Hello. I ran example_use_preflmr.py for EVQA according to your github code and huggingface's checkpoint, but I couldn't reproduce the PR@5=73.1 you reported in your paper. I used the parameters you mentioned on GitHub, why is that? Do I need to change the code or parameters?
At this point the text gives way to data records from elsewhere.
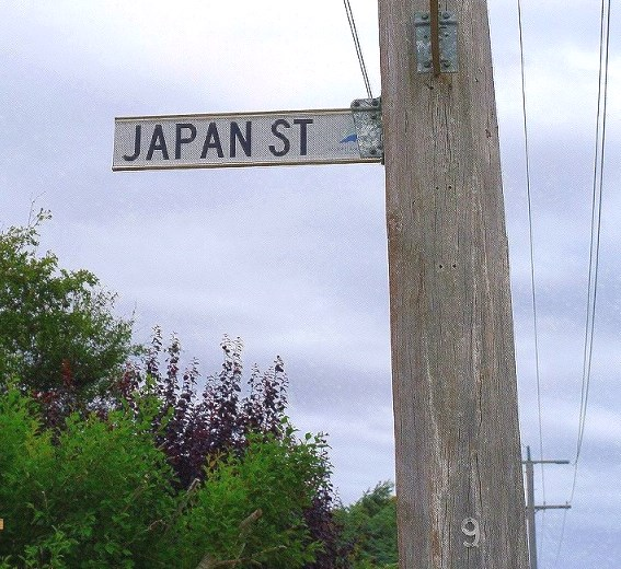 Japan Street
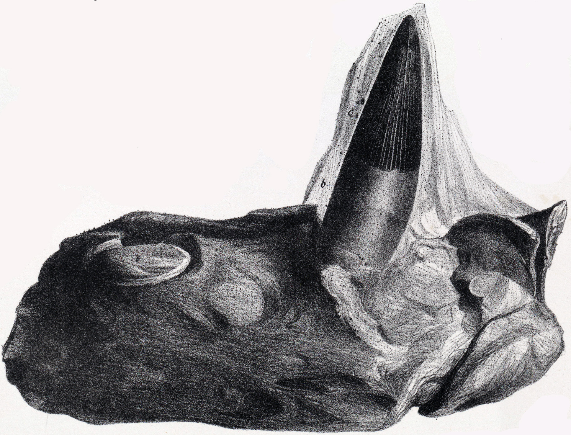 Portion of the lower jaw, with a tooth in situ, of Polyptychodon interruptus. From the Chalk of Kent. In the Collection of Mrs. Smith, of Tonbridge Wells.
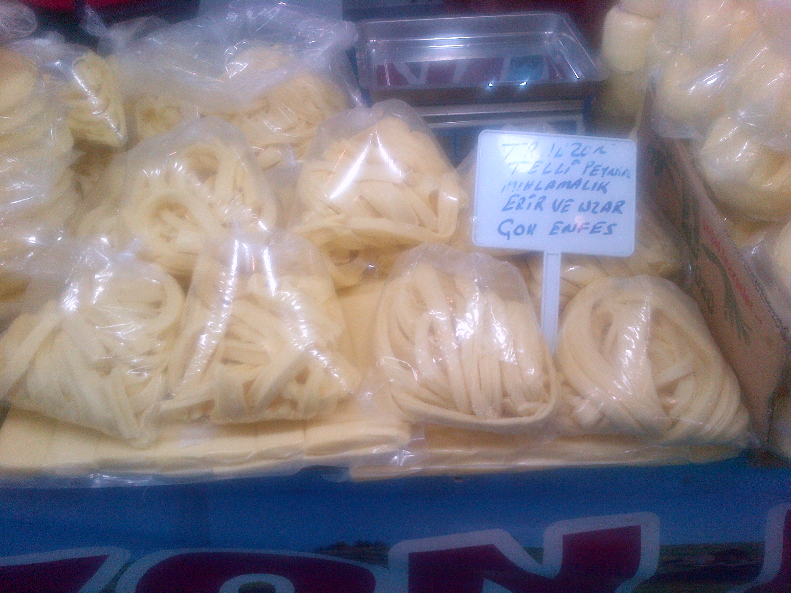 "Telli peynir", a sort of string cheese fom Trabzon, Turkey.

Below I run out the results and parameters 你好。 我根据你在github的代码和huggingface的checkpoint,针对EVQA跑了example_use_preflmr.py,但是我没能复现出你在论文中报告的PR@5=73.1.我使用的参数就是你在GitHub提到的,这是什么原因呢?是不是我需要修改代码或者参数?,下面的我跑出的结果和参数

EVQA /nas-alinlp/xiewen.xie/models/LinWeizheDragon/PreFLMR_ViT-G Total number of questions: 3750 Pseudo Recall@1: 0.5096 Pseudo Recall@5: 0.7194666666666667 Pseudo Recall@10: 0.7861333333333334 Pseudo Recall@20: 0.8341333333333333 Pseudo Recall@50: 0.8848 Pseudo Recall@100: 0.9090666666666667 Pseudo Recall@500: 0.9349333333333333 Recall@1: 0.40266666666667 Recall@5: 0.624 Recall@10: 0.703733333333333333 Recall@20: 0.7805333333333333 Recall@50: 0.8616 Recall@100: 0.910933333333333334 Recall@500: 0.9621333333333333

source activate /nas-alinlp/xiewen.xie/envs/FLMR python example_use_preflmr.py \ --use_gpu --run_indexing \ --index_root_path "." \ --index_name EVQA_PreFLMR_ViT-G \ --experiment_name EVQA \ --indexing_batch_size 64 \ --image_root_dir /nas-alinlp/xiewen.xie/DATASETS/EVQA_img \ --dataset_hf_path /nas-alinlp/xiewen.xie/DATASETS/BByrneLab/multi_task_multi_modal_knowledge_retrieval_benchmark_M2KR \ --dataset EVQA \ --use_split test \ --nbits 8 \ --Ks 1 5 10 20 50 100 500 \ --checkpoint_path /nas-alinlp/xiewen.xie/models/LinWeizheDragon/PreFLMR_ViT-G \ --image_processor_name /nas-alinlp/xiewen.xie/models/laion/CLIP-ViT-bigG-14-laion2B-39B-b160k \ --query_batch_size 8 \ --compute_pseudo_recall \

LinWeizheDragon commented 1 month ago

Hi, the pre-trained checkpoint achieves 0.721 on our side - there might be some very small differences with the number in the paper due to the checkpoint conversion from Pytorch to Huggingface after pre-training. See the note herre.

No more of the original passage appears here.